Every line of the listing below should come back exactly as written, with no images.

* **Recorded information**:
--------------------------------------------------

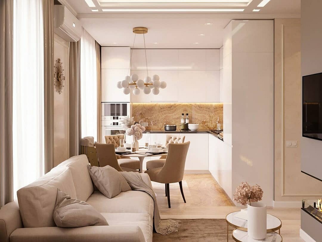 Дизайн в классическом стиле отличается меблировкой из натуральных материалов и деревянным кухонным гарнитуром, за фасадами которого скрывается вся современная техника. Комната оформляется в пастельных тонах и украшается лепниной, позолоченными, бронзовыми элементами и другими роскошными деталями.
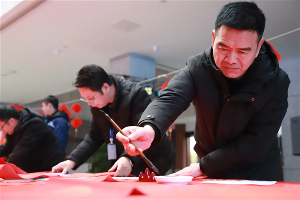 次日,來自寧鄉(xiāng)市書法家協(xié)會的書法大家們受邀來到中部產(chǎn)業(yè)基地,參加“翰墨中偉”寫春聯(lián)送祝?;顒??;顒蝇F(xiàn)場,書法家們用紅紙黑字、筆墨紙硯傳遞著新春的溫暖與祝福。
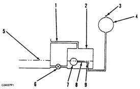 3161調(diào)速器將發(fā)動(dòng)機(jī)潤(rùn)滑油應(yīng)用于其液壓系統(tǒng)。潤(rùn)滑油(通過壓力)通過一個(gè)小孔被送入到調(diào)速器的儲(chǔ)油器,而這個(gè)小孔可以自調(diào)速器上拆除下來進(jìn)行清洗。當(dāng)發(fā)動(dòng)機(jī)旋轉(zhuǎn)驅(qū)動(dòng)軸時(shí),潤(rùn)滑油從內(nèi)部通道進(jìn)入抽吸裝置一側(cè),隨后進(jìn)入泵的壓力側(cè)。一個(gè)緩沖彈簧和活塞將泵的壓力大約保持在690千帕(10psi)。緩沖彈簧在氣缸中向上移動(dòng),直到泵的壓力達(dá)到690千帕(100psi),這個(gè)時(shí)候,活塞上的閥門將被開啟以控制壓力。
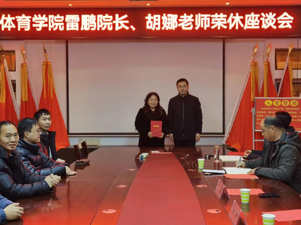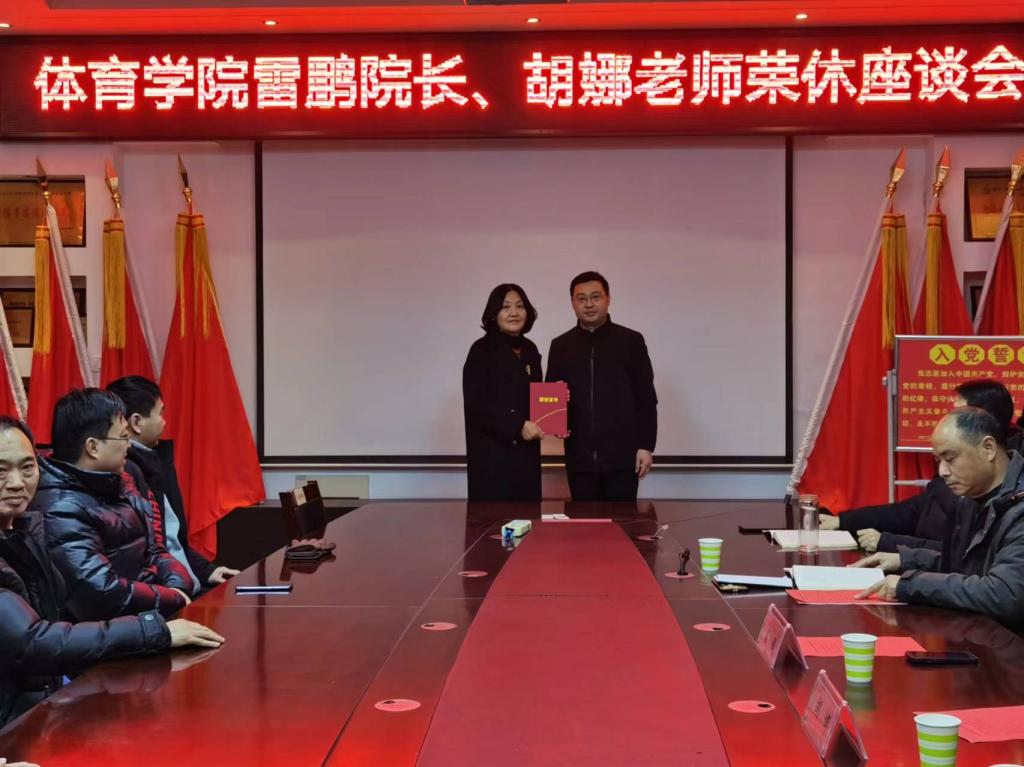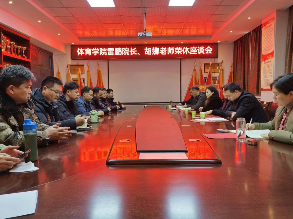2月3日,体育学院在8114会议室举行雷鹏院长、胡娜老师荣休座谈会。学院党政领导班子、科级以上干部、教师代表参加了座谈会。

--------------------------------------------------

* **Exercise output**:
 Дизайн в классическом стиле отличается меблировкой из натуральных материалов и деревянным кухонным гарнитуром, за фасадами которого скрывается вся современная техника. Комната оформляется в пастельных тонах и украшается лепниной, позолоченными, бронзовыми элементами и другими роскошными деталями.
 次日,來自寧鄉(xiāng)市書法家協(xié)會的書法大家們受邀來到中部產(chǎn)業(yè)基地,參加“翰墨中偉”寫春聯(lián)送祝?;顒??;顒蝇F(xiàn)場,書法家們用紅紙黑字、筆墨紙硯傳遞著新春的溫暖與祝福。
 3161調(diào)速器將發(fā)動(dòng)機(jī)潤(rùn)滑油應(yīng)用于其液壓系統(tǒng)。潤(rùn)滑油(通過壓力)通過一個(gè)小孔被送入到調(diào)速器的儲(chǔ)油器,而這個(gè)小孔可以自調(diào)速器上拆除下來進(jìn)行清洗。當(dāng)發(fā)動(dòng)機(jī)旋轉(zhuǎn)驅(qū)動(dòng)軸時(shí),潤(rùn)滑油從內(nèi)部通道進(jìn)入抽吸裝置一側(cè),隨后進(jìn)入泵的壓力側(cè)。一個(gè)緩沖彈簧和活塞將泵的壓力大約保持在690千帕(10psi)。緩沖彈簧在氣缸中向上移動(dòng),直到泵的壓力達(dá)到690千帕(100psi),這個(gè)時(shí)候,活塞上的閥門將被開啟以控制壓力。
2月3日,体育学院在8114会议室举行雷鹏院长、胡娜老师荣休座谈会。学院党政领导班子、科级以上干部、教师代表参加了座谈会。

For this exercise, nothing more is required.